Collected data:

BEGIN

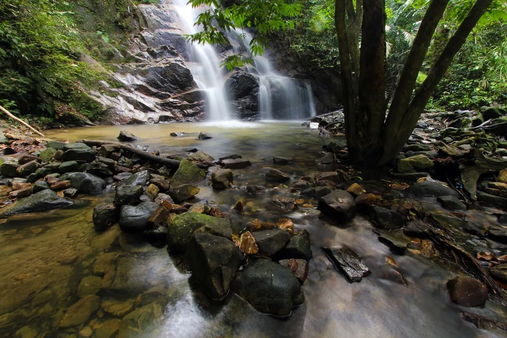 Formerly known as Kemansah Fall, Sungai Ampang Falls is located near the National Zoo at Ulu Klang. After passing Kampung Kemansah, you’ll reach the Institut Budaya Baru Melayu. From there, you’ll need to trek for approximately 45 minutes till you hear the sounds of falling water. That’s your cue that you’ve arrived at the first small fall, Lata Shem, or Lower Ampang Fall.
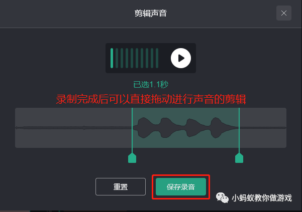 录制完声音之后,可以直接对声音进行剪辑,只需要拖拽滑动条选择你希望留下的声音即可。
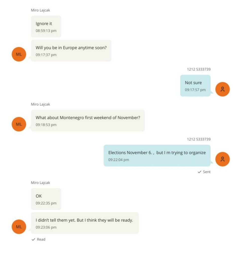 Në vazhdimin e bisedës, Lajçak e pyet Epsteinin: “Çfarë po ndodh me vizitën në Mal të Zi fundjavën e parë të nëntorit?”, ndërsa Epstein i përgjigjet: “Zgjedhjet janë më 6 nëntor, por po përpiqem ta organizoj”.
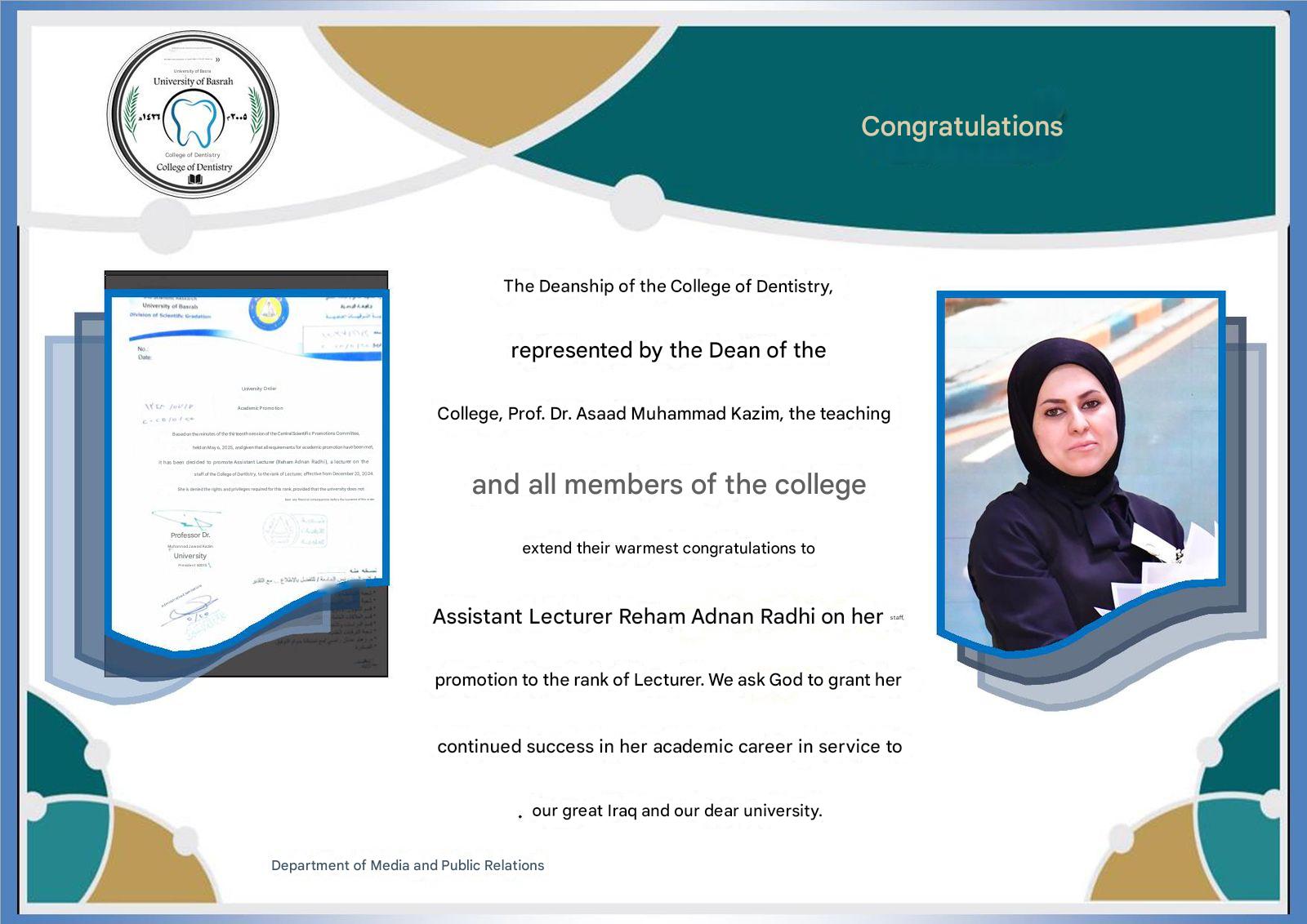 Congratulations from the College of Dentistry to Assistant Professor Reham Adnan
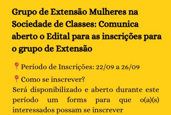 Estão abertas as inscrições para o processo seletivo do grupo de extensão "Mulheres na sociedade de classe: gênero, raça, desigualdade e violência", uma iniciativa dedicada a...

END

Give the records a second time exactly, keeping the images out.

 Formerly known as Kemansah Fall, Sungai Ampang Falls is located near the National Zoo at Ulu Klang. After passing Kampung Kemansah, you’ll reach the Institut Budaya Baru Melayu. From there, you’ll need to trek for approximately 45 minutes till you hear the sounds of falling water. That’s your cue that you’ve arrived at the first small fall, Lata Shem, or Lower Ampang Fall.
 录制完声音之后,可以直接对声音进行剪辑,只需要拖拽滑动条选择你希望留下的声音即可。
 Në vazhdimin e bisedës, Lajçak e pyet Epsteinin: “Çfarë po ndodh me vizitën në Mal të Zi fundjavën e parë të nëntorit?”, ndërsa Epstein i përgjigjet: “Zgjedhjet janë më 6 nëntor, por po përpiqem ta organizoj”.
 Congratulations from the College of Dentistry to Assistant Professor Reham Adnan
 Estão abertas as inscrições para o processo seletivo do grupo de extensão "Mulheres na sociedade de classe: gênero, raça, desigualdade e violência", uma iniciativa dedicada a...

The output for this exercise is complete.